In the Adolescent Brain and Cognitive Development (ABCD) project, a cohort of over 10,000 children in the US was tracked longitudinally. A 2023 analysis of the data revealed that the earlier a child was reading for pleasure, the more this correlated with higher scores on cognitive tests and lower numbers of mental health issues, even after controlling for things like socio-economic status, such that…
…cognitive performance was better and the mental problems were lower in young adolescents with higher levels of early RfP [reading for pleasure].
Here is years of reading for pleasure plotted against a number of such outcomes.
In fact, the researchers found that reading for pleasure—and the more years spent doing so—may literally lead to larger brain volumes in adolescence.

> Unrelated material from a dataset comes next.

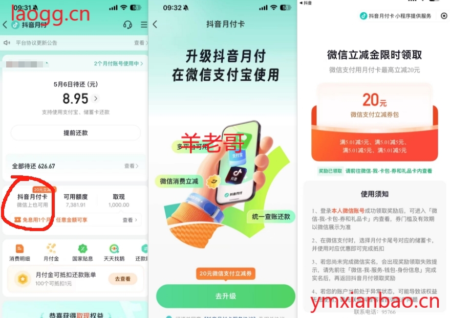 抖音-我的-我的钱包-抖音月付,如图月付卡右上角显示20微xin立减金(4张5,部分是1分买18券包),

The positive effects showed up after controlling for genetics (as best one can, using genome-wide analyses in the full cohort). ABCD also had a participating set of 711 twins and, interestingly, estimations from the twin data revealed that, while early reading-for-pleasure does have a genetic component, the majority of the trait’s variance appears environmental.
Put it all together, and early reading for pleasure stands out in the scientific literature, in that it has (a) very broad cognitive benefits, (b) good empirical support for this class of thing, (c) has a large environmental component, and (d) actively replaces and competes with screen time, which is usually neutral or negative in the literature (in the ABCD cohort, screen time had an inverse correlation with reading for pleasure).
This last point, that reading for pleasure fills a certain time in the day, means I daily…
Thank god for this new independent activity.
When I look back on my official reasons for teaching reading so early, oh, how naive I was! All pale in comparison to the true benefit.
Holy smokes, does early reading make parenting easier sometimes!
It’s all the advantages of an iPad, none of the guilt. You’ve unlocked infinite self-entertainment. Long drive? Bring a book. Or five. Roman toddles into restaurants clutching a book as a backup activity, and reads while waiting in boring lines. It’s also calming, and so helps with emotional regulation. Toddler energy descending rapidly into deviance? Go read a book! It’s a parenting cheat code. I don’t know if this alone justifies the hours spent, but it sure is one heck of a benefit.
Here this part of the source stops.